[Start of Attachment]

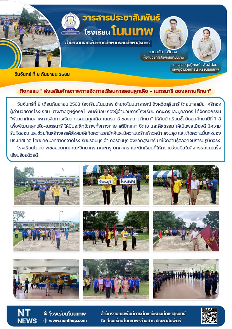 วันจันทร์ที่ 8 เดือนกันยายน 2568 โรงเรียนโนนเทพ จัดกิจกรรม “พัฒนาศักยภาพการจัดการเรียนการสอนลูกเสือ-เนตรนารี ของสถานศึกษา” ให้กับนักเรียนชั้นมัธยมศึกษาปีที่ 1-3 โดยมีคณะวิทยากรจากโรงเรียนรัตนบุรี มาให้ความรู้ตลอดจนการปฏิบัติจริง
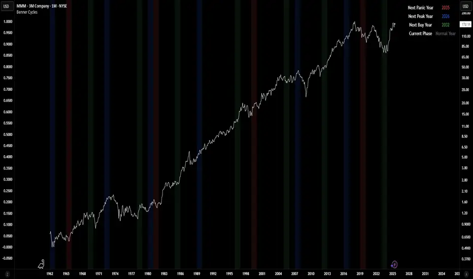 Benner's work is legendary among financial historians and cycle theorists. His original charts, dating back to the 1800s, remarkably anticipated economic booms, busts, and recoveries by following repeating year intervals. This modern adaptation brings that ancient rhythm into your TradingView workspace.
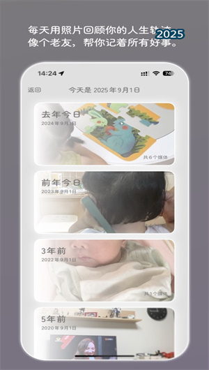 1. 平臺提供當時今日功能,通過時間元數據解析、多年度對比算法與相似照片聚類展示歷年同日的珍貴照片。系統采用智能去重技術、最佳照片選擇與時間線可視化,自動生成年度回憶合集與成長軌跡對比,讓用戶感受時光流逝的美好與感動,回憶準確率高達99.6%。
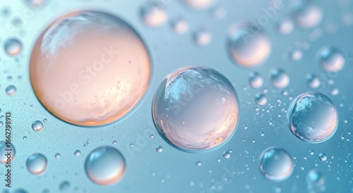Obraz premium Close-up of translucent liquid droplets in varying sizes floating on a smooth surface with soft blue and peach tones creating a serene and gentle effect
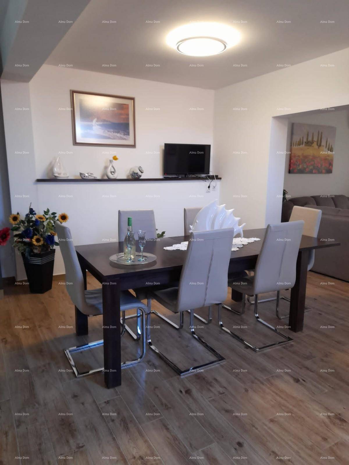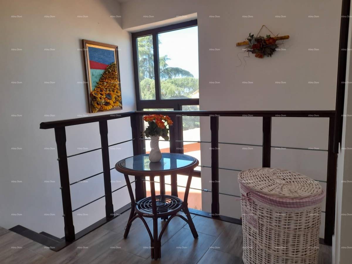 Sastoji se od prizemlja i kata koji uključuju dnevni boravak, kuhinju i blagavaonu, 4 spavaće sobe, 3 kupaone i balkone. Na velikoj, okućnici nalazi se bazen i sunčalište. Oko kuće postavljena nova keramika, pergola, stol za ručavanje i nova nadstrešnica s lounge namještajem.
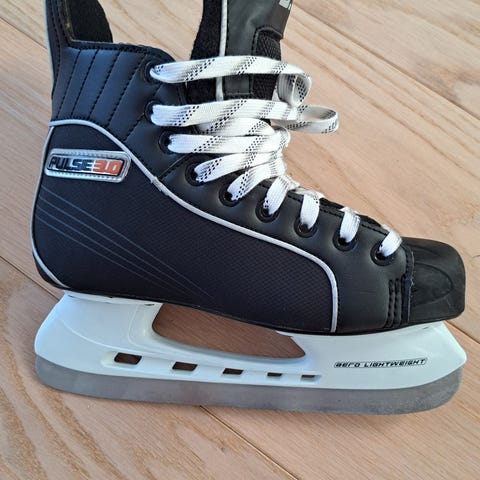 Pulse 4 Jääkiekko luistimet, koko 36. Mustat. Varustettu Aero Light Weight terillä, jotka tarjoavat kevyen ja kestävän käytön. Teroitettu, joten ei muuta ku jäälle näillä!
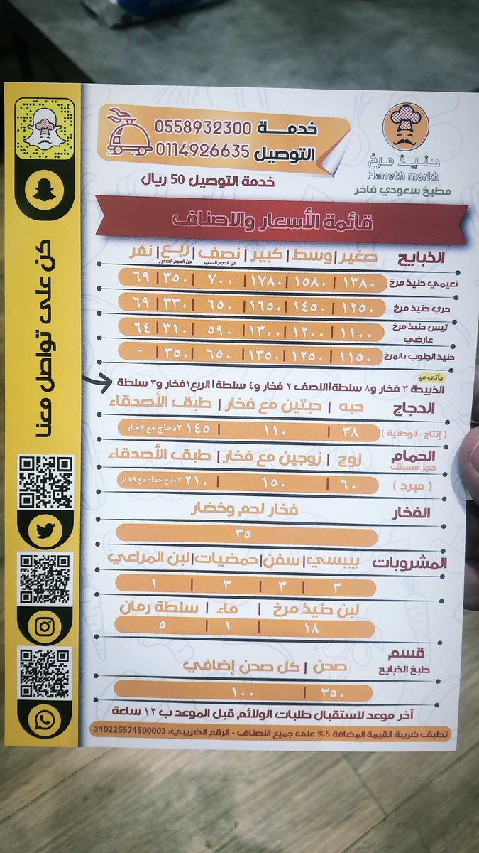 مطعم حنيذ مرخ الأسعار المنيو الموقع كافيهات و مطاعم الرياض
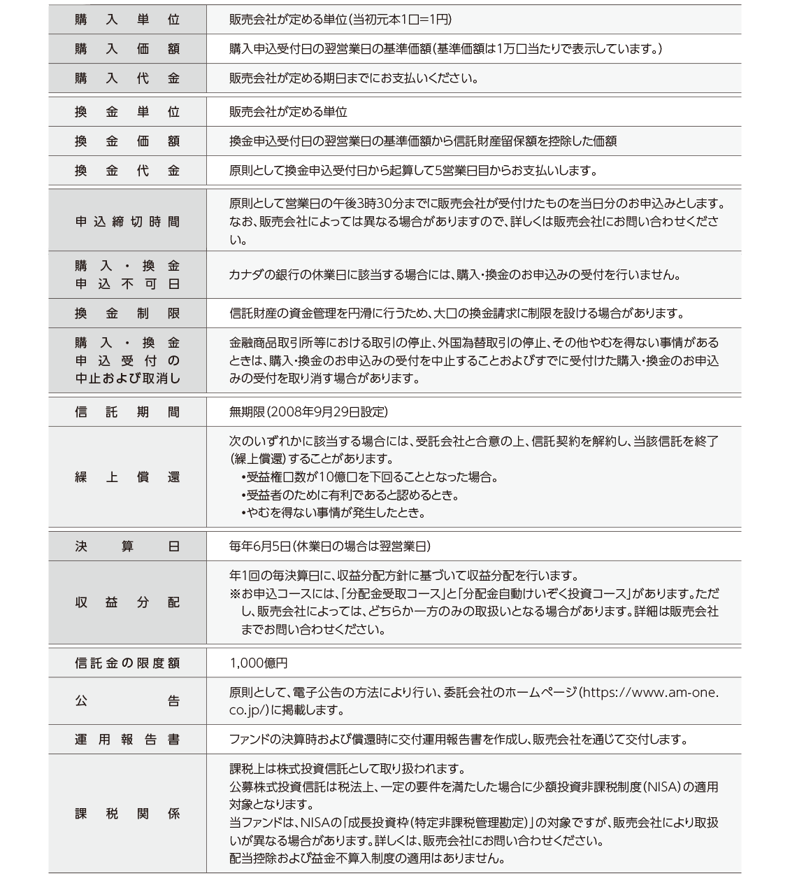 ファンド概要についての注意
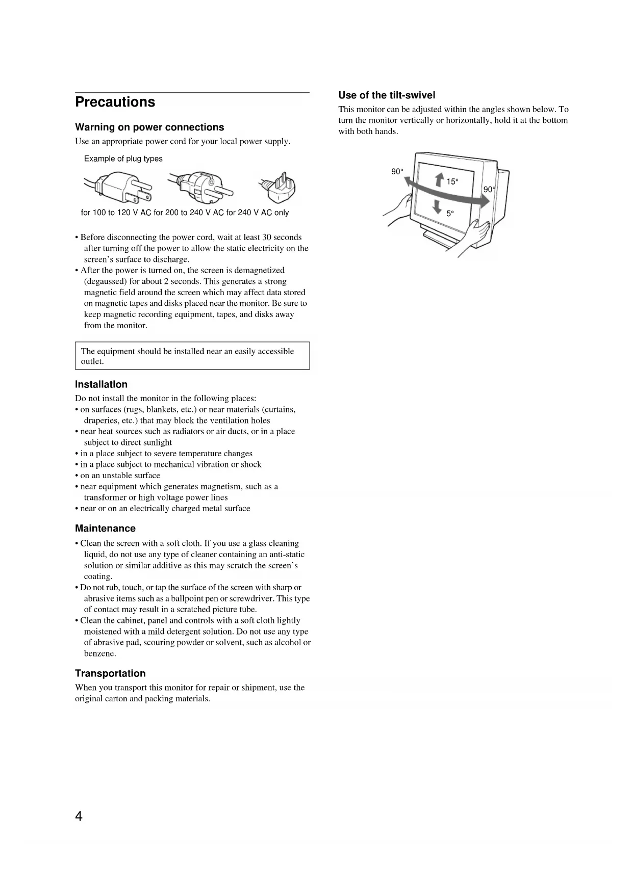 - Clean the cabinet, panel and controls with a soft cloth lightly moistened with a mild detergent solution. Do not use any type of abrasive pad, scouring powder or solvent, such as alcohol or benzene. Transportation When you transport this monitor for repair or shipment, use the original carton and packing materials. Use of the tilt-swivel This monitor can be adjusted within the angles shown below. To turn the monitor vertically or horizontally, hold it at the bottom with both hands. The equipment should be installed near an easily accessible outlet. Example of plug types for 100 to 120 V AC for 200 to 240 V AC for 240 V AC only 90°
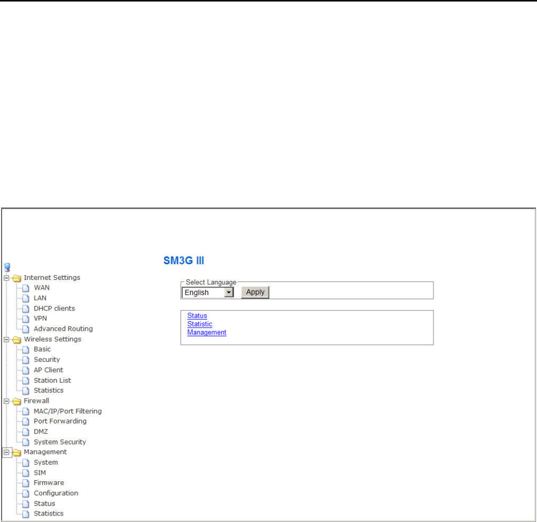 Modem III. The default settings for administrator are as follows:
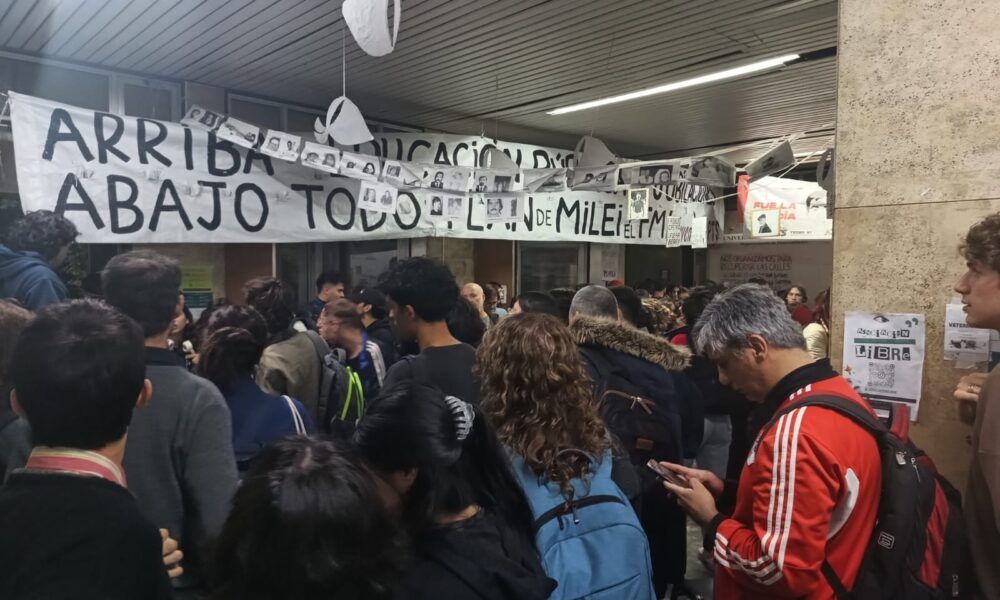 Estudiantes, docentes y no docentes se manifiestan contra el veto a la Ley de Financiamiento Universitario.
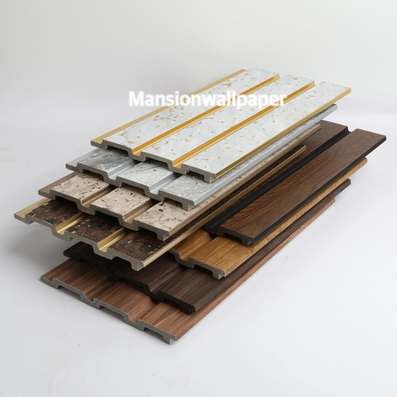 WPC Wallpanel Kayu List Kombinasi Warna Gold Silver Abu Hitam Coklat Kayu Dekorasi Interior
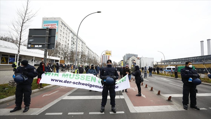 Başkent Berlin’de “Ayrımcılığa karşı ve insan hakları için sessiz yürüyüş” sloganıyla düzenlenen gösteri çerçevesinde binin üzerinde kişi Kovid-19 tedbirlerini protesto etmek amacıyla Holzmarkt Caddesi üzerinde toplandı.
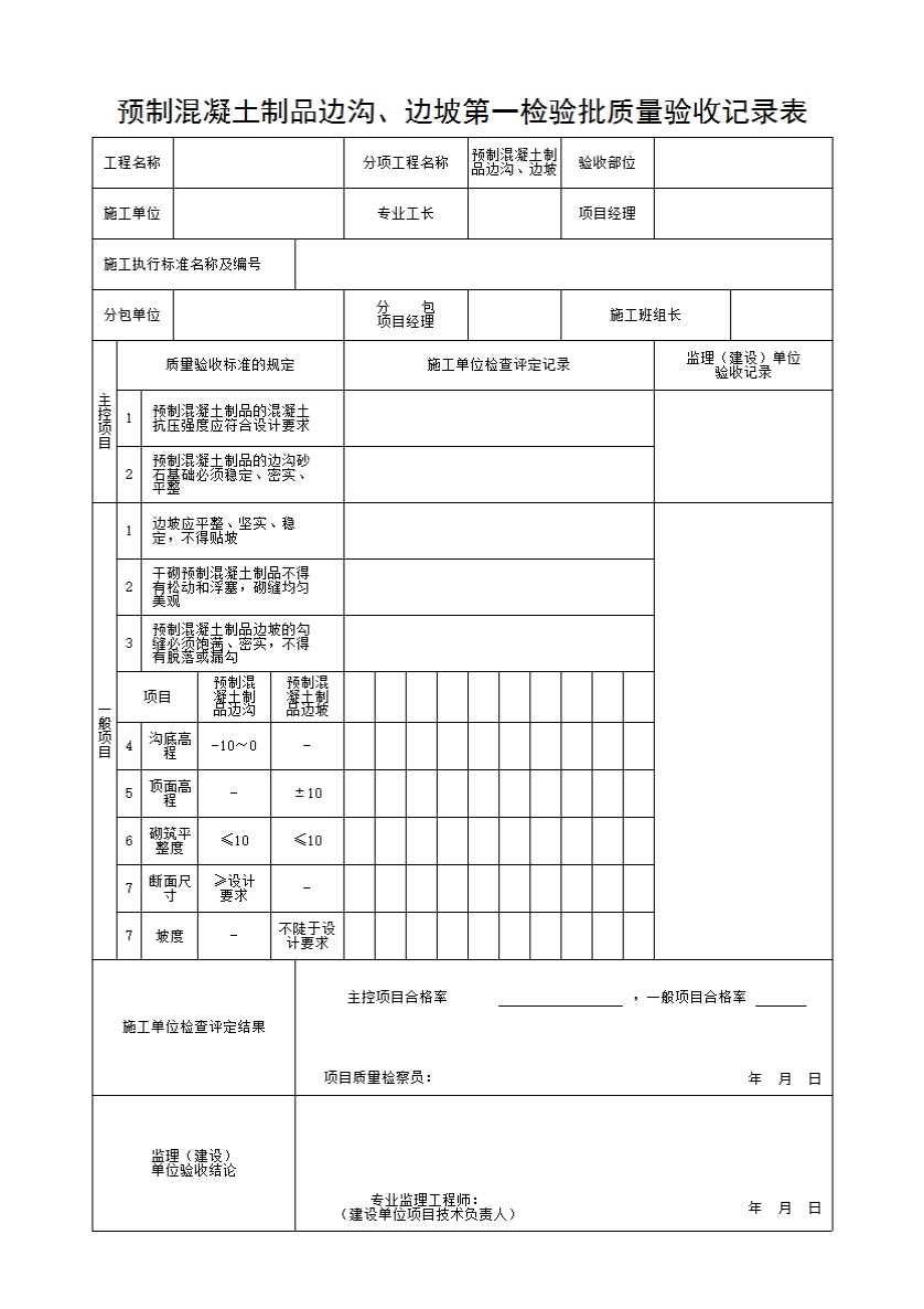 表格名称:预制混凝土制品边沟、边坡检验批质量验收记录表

[End of Attachment]

**Activity:**
Leave every picture out. Retype the remaining data exactly.

**Output of the exercise:**
 วันจันทร์ที่ 8 เดือนกันยายน 2568 โรงเรียนโนนเทพ จัดกิจกรรม “พัฒนาศักยภาพการจัดการเรียนการสอนลูกเสือ-เนตรนารี ของสถานศึกษา” ให้กับนักเรียนชั้นมัธยมศึกษาปีที่ 1-3 โดยมีคณะวิทยากรจากโรงเรียนรัตนบุรี มาให้ความรู้ตลอดจนการปฏิบัติจริง
 Benner's work is legendary among financial historians and cycle theorists. His original charts, dating back to the 1800s, remarkably anticipated economic booms, busts, and recoveries by following repeating year intervals. This modern adaptation brings that ancient rhythm into your TradingView workspace.
 1. 平臺提供當時今日功能,通過時間元數據解析、多年度對比算法與相似照片聚類展示歷年同日的珍貴照片。系統采用智能去重技術、最佳照片選擇與時間線可視化,自動生成年度回憶合集與成長軌跡對比,讓用戶感受時光流逝的美好與感動,回憶準確率高達99.6%。
Obraz premium Close-up of translucent liquid droplets in varying sizes floating on a smooth surface with soft blue and peach tones creating a serene and gentle effect
 Sastoji se od prizemlja i kata koji uključuju dnevni boravak, kuhinju i blagavaonu, 4 spavaće sobe, 3 kupaone i balkone. Na velikoj, okućnici nalazi se bazen i sunčalište. Oko kuće postavljena nova keramika, pergola, stol za ručavanje i nova nadstrešnica s lounge namještajem.
 Pulse 4 Jääkiekko luistimet, koko 36. Mustat. Varustettu Aero Light Weight terillä, jotka tarjoavat kevyen ja kestävän käytön. Teroitettu, joten ei muuta ku jäälle näillä!
 مطعم حنيذ مرخ الأسعار المنيو الموقع كافيهات و مطاعم الرياض
 ファンド概要についての注意
 - Clean the cabinet, panel and controls with a soft cloth lightly moistened with a mild detergent solution. Do not use any type of abrasive pad, scouring powder or solvent, such as alcohol or benzene. Transportation When you transport this monitor for repair or shipment, use the original carton and packing materials. Use of the tilt-swivel This monitor can be adjusted within the angles shown below. To turn the monitor vertically or horizontally, hold it at the bottom with both hands. The equipment should be installed near an easily accessible outlet. Example of plug types for 100 to 120 V AC for 200 to 240 V AC for 240 V AC only 90°
 Modem III. The default settings for administrator are as follows:
 Estudiantes, docentes y no docentes se manifiestan contra el veto a la Ley de Financiamiento Universitario.
 WPC Wallpanel Kayu List Kombinasi Warna Gold Silver Abu Hitam Coklat Kayu Dekorasi Interior
 Başkent Berlin’de “Ayrımcılığa karşı ve insan hakları için sessiz yürüyüş” sloganıyla düzenlenen gösteri çerçevesinde binin üzerinde kişi Kovid-19 tedbirlerini protesto etmek amacıyla Holzmarkt Caddesi üzerinde toplandı.
 表格名称:预制混凝土制品边沟、边坡检验批质量验收记录表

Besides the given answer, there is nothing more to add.